Beneath this line are entries. Copy the range from the line with "أعلن قطاع المعاهد" to the line with "These silver hoop", ends included, exactly; leave pictures out.

#### DATA FOR THIS EXERCISE:
┄┄┄┄┄┄┄┄┄┄
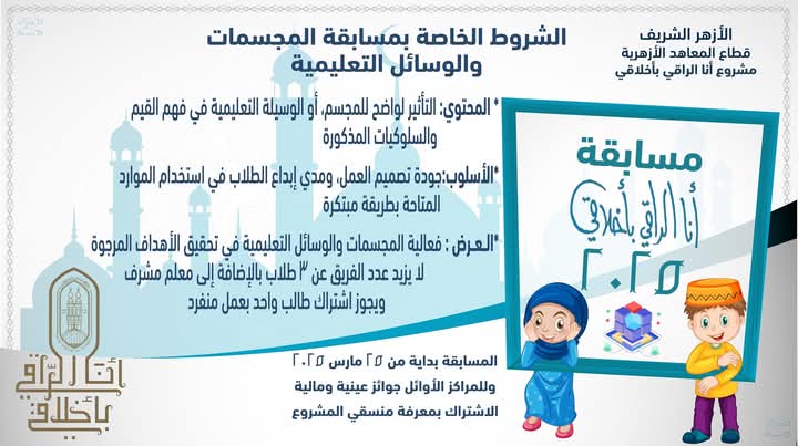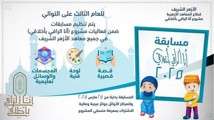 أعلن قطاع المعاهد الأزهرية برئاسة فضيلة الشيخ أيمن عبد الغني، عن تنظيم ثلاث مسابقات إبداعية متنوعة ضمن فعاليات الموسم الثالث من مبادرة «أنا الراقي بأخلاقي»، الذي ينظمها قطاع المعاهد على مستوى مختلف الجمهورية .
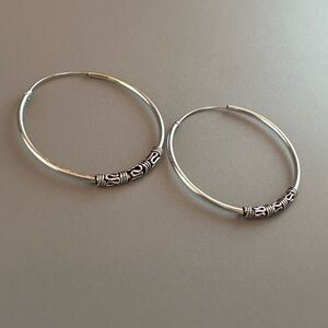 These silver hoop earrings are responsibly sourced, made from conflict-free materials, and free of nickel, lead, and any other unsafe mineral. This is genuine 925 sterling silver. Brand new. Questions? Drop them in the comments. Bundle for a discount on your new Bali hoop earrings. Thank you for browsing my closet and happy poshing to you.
┄┄┄┄┄┄┄┄┄┄
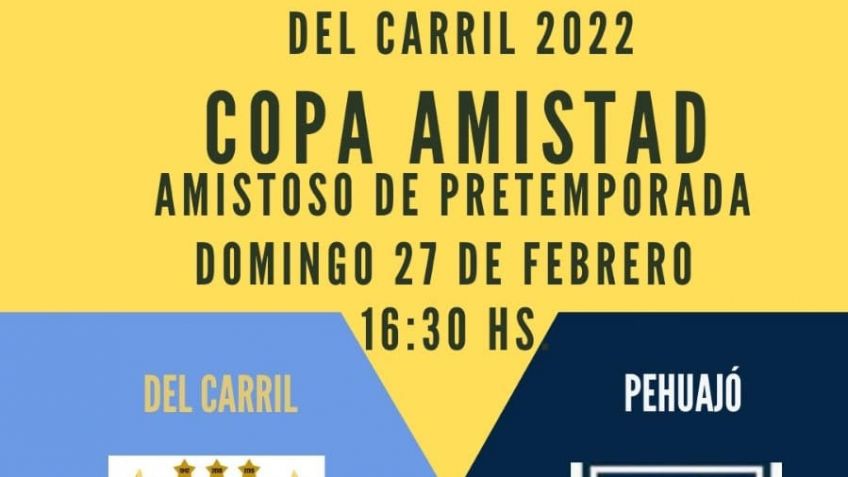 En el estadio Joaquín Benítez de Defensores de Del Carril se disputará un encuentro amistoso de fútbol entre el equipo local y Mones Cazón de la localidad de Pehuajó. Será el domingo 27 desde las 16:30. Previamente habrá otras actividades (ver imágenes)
┄┄┄┄┄┄┄┄┄┄
#### SOLUTION FOR THIS PROBLEM:
 أعلن قطاع المعاهد الأزهرية برئاسة فضيلة الشيخ أيمن عبد الغني، عن تنظيم ثلاث مسابقات إبداعية متنوعة ضمن فعاليات الموسم الثالث من مبادرة «أنا الراقي بأخلاقي»، الذي ينظمها قطاع المعاهد على مستوى مختلف الجمهورية .
 These silver hoop earrings are responsibly sourced, made from conflict-free materials, and free of nickel, lead, and any other unsafe mineral. This is genuine 925 sterling silver. Brand new. Questions? Drop them in the comments. Bundle for a discount on your new Bali hoop earrings. Thank you for browsing my closet and happy poshing to you.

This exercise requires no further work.